Grim prediction Aussies struggling with cost of living pressures face at least three more interest rate rises as inflation concerns grow
- Three more interest rate rises predicted
- Global inflation woes increase
Australians already struggling with cost of living pressures could see three more interest rate increases this year as global inflation worries intensify.
The Reserve Bank of Australia on Tuesday paused interest rate hikes for only the second time this year, leaving the cash rate on hold at an 11-year high of 4.1 per cent, following the July board meeting.
Since May last year interest rates have surged at the fastest pace since 1989, with 12 increases in 13 months.
Just three days later, carnage in global bond markets has stoked speculation the RBA will follow the US Federal Reserve’s efforts to tame inflation by raising interest rates further.
The Reserve Bank of Australia on Tuesday paused interest rate hikes for only the second time this year, leaving the cash at 4.1 per cent
Fresh evidence of the strength in the US labour market emerged on Friday, causing investors to forecast further monetary policy tightening while triggering a rapid sell-off in equities and squeezing the Australian dollar.

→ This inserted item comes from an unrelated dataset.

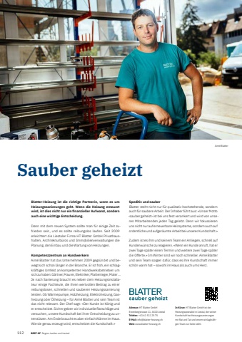 112 BEST OF BEST OF Region Laufen und Liestal Portrait xxxAim%u00e9 BlatterSauber geheiztAdresse: HT Blatter GmbHErzenbergstrasse 11, 4410 LiestalTelefon: +41 61 511 25 75E-Mail: info@blatter-heizung.chWeb: www.blatter-heizung.chIn K%u00fcrze: HT Blatter GmbH ist der Heizungsspezialist in Liestal, der seiner Kundschaft bei Heizungssanierungen mit Rat und Tat und einem schlagkr%u00e4ftigen Team zur Seite steht.Blatter-Heizung ist die richtige Partnerin, wenn es um Heizungssanierungen geht. Wenn die Heizung erneuert wird, ist dies nicht nur ein fi nanzieller Aufwand, sondern auch eine wichtige Entscheidung.Denn mit dem neuen System sollte man f%u00fcr einige Zeit zufrieden sein, und es sollte reibungslos laufen. Seit 2009 erleichtert die Liestaler Firma HT Blatter GmbH Privathaushalten, Architekturb%u00fcros und Immobilienverwaltungen die Planung, den Einbau und die Wartung von Heizungen.Kompetenzzentrum an HandwerkernAim%u00e9 Blatter hat das Unternehmen 2009 gegr%u00fcndet und bewegt sich schon l%u00e4nger in der Branche. Er ist froh, ein schlagkr%u00e4ftiges Umfeld an kompetenten Handwerksbetrieben um sich zu haben: G%u00e4rtner, Maurer, Elektriker, Plattenleger, Maler %u2026 Je nach Sanierung braucht es neben dem Heizungsinstallateur einige Fachleute, die ihren wertvollen Beitrag zu einer reibungslosen, schnellen und sauberen Heizungssanierung leisten. Ob W%u00e4rmepumpe, Holzheizung, Elektroheizung, Gasheizung oder %u00d6lheizung %u2013 f%u00fcr Aim%u00e9 Blatter und sein Team ist das nicht relevant. Der Chef sagt: %u00abDer Kunde ist K%u00f6nig und er entscheidet. Sicher geben wir individuelle Ratschl%u00e4ge und versuchen, unsere Kundschaft bei ihrer Entscheidung zu unterst%u00fctzen. Am Ende braucht es aber einfach W%u00e4rme im Haus. Wie sie genau erzeugt wird, entscheidet die Kundschaft.%u00bbSpeditiv und sauberBlatter steht nicht nur f%u00fcr qualitativ hochstehende, sondern auch f%u00fcr saubere Arbeit. Der Inhaber f%u00fchrt aus: %u00abUnser Motto %u2039sauber geheizt%u203a ist bei uns fest verankert und wird von unseren Mitarbeitenden jeden Tag gelebt. Denn wir fokussieren uns nicht nur auf erneuerbare Heizsysteme, sondern auch auf ordentliche und aufger%u00e4umte Arbeit bei unserer Kundschaft.%u00bbZudem ist es ihm und seinem Team ein Anliegen, schnell auf Kundenw%u00fcnsche zu reagieren. %u00abWenn ein Kunde anruft, hat er zwei Tage sp%u00e4ter einen Termin und weitere zwei Tage sp%u00e4ter die Offerte.%u00bb Im Winter sind wir noch schneller. Aim%u00e9 Blatter und sein Team sorgen daf%u00fcr, dass es ihre Kundschaft immer sch%u00f6n warm hat %u2013 sowohl im Haus als auch ums Herz.

Aussie shares on Friday plummeted 1.7 per cent to a three-month low of 7042.3 points.
Australian interest rates have not always followed the US, but AMP chief economist Shane Oliver said similarities between the two economies would force the RBA to respond to movements in other markets.
‘Markets still only have a 50 per cent probability of a rate rise in August, but there’s now two hikes priced in by the year-end,’ he told the Australian Financial Review.
Vimal Gor, chief investment officer at Sydney asset manager Trovio, said: ‘Central banks including the RBA don’t want to hike rates, but they might be forced into it’.
The RBA is expected to raise the official interest rate three more times before the end of the year
There is speculation the Australian dollar could fall further as investors shift capital to higher-yielding currencies like the US dollar.
A weakened Australian dollar could see an increase in the cost of imported goods such as petrol, machinery and construction materials.
This would force the RBA to carry on its most aggressive monetary tightening cycle since the late 1980s.
Reserve Bank of Australia Governor Philip Lowe, whose seven-year terms ends on September 17, hinted Tuesday’s pause was only likely to be temporary.
‘Inflation in Australia has passed its peak and the monthly CPI indicator for May showed a further decline,’ he said on Tuesday.
‘Some further tightening of monetary policy may be required to ensure that inflation returns to target in a reasonable timeframe, but that will depend upon how the economy and inflation evolve.’
Finance guru Mark Bouris has warned Australians struggling with interest rate hikes and increasing cost of living pressures could be forced to sell their homes.
Mr Bouris, who heads Yellow Brick Road Home Loans, said that although property prices will not keep rising, housing supply will, especially as people start to feel the effects of rising interest rates.
‘People are hanging out to see whether or not this rhetoric which we’re hearing at the moment, “oh, house prices are going to go up”, before they sell,’ Mr Bouris told Sky News Australia.
‘If they don’t see that period, they’re going to have to sell, and they’re going to sell to a big supply market.’